David Balton is a Senior Fellow at the Harvard Kennedy School of Government, where he works with the Arctic Initiative, part of the Belfer Center for Science and International Affairs. He is also an adviser to the Ocean Conservancy. From September 2021 to January 2025, Balton served in the White House Office of Science and Technology Policy as the executive director of the Arctic Executive Steering Committee. He previously served for 32 years as a lawyer and diplomat in the U.S. Department of State, focusing primarily on issues pertaining to the ocean and the Polar Regions. He attained the rank of Ambassador in 2005, following Senate confirmation.

== Education ==
Balton received his A.B. from Harvard College, graduating cum laude. He earned his J.D. from Georgetown University, graduating magna cum laude. He regularly lectures at the Rhodes Academy of Oceans Law and Policy and Georgetown Law School, and occasionally lectures at many other institutions, including Dartmouth College.
From 2018 to 2021, Balton was a Senior Fellow at the Woodrow Wilson International Center for Scholars, publishing policy papers and engaging in public events relating to the Arctic region.  He co-authored a report on the need for an Arctic Council Strategic Plan.

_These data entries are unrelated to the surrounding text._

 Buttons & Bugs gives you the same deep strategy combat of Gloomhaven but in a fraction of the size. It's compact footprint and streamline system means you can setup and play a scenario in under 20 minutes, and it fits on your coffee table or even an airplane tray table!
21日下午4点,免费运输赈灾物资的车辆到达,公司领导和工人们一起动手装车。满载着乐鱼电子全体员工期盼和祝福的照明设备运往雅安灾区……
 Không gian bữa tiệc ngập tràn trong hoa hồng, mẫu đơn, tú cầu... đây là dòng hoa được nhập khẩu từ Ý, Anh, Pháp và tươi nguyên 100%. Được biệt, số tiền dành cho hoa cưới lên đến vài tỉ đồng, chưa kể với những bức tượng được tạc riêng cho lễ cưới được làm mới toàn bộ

== U.S. Department of State (1985–2018) ==
From 1985 - 1997, Balton served in the U.S. Department of State as an attorney-advisor. His portfolio in this role included international claims, human rights, and the law of the sea. He then served as the Director of the Office of Marine Conservation, where he coordinated U.S. foreign policy relating to international fisheries. He also oversaw the participation of the United States in international organizations focused on management of living marine resources.

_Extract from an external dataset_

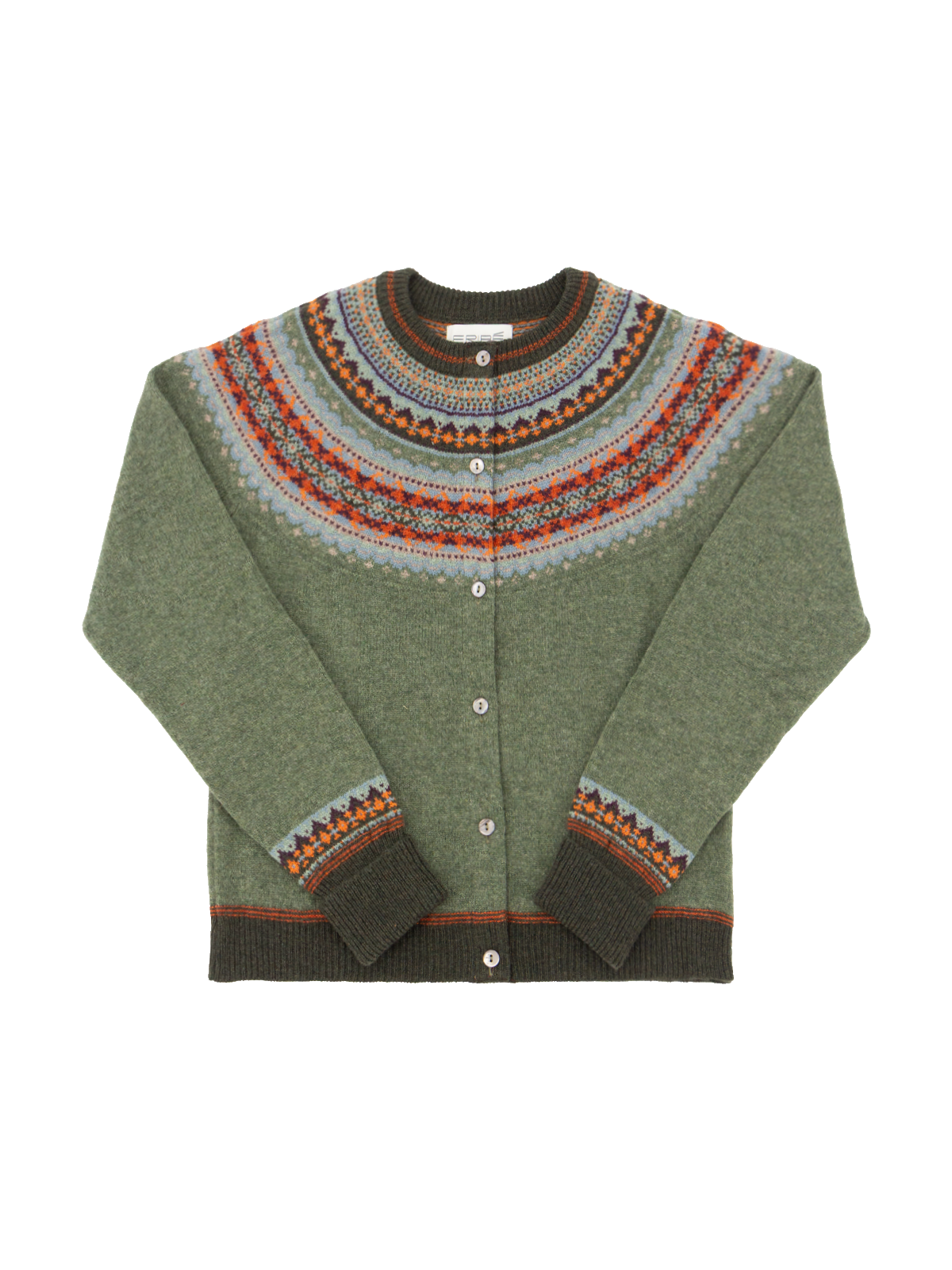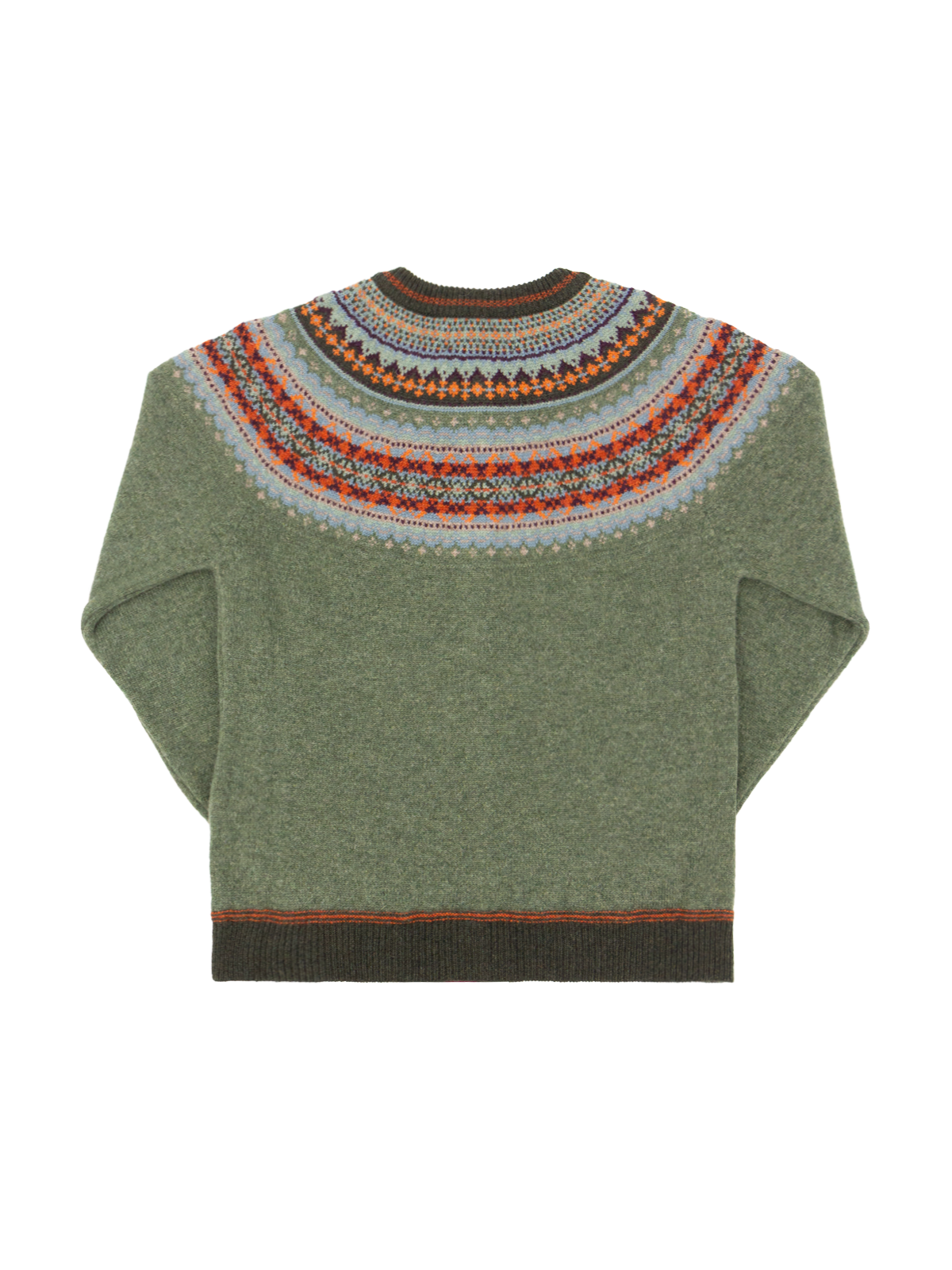 The Braemar colourway is a flecked sage green, with fairisle detail in sky blue, forest green, orange, grey and purple.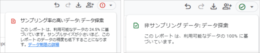 サンプリングが適用されているかどうかは、レポートの右上に表示されるため確認しましょう。サンプリングを避けたい場合は、データ量や期間を絞ることで防げる場合があるので、ぜひ試してみてください。

In 2002, Balton was promoted to Deputy Assistant Secretary for Oceans and Fisheries, a portfolio that also included responsibility for overseeing U.S. foreign policy concerning the Arctic and Antarctica. Over the next 15 years, Balton frequently served as the lead U.S. negotiator on fisheries and ocean agreements.  He also chaired or co-chaired many international negotiations, including the negotiations that produced the 2011 Arctic Search and Rescue Agreement, the 2013 Arctic Marine Oil Pollution Agreement, the 2015 Oslo Declaration, and the 2018 Agreement to Prevent Unregulated High Seas Fisheries in the Central Arctic Ocean.

During the U.S. Chairmanship of the Arctic Council (2015–2017), Balton served as Chair of the Senior Arctic Officials, overseeing the day-to-day work of the Arctic Council. He led negotiations on the Fairbanks Declaration and oversaw numerous initiatives to address Arctic issues.

From 2013 to 2017, Balton chaired the U.S. Extended Continental Shelf Task Force, supervising the effort to establish the outer limits of the U.S. continental shelf.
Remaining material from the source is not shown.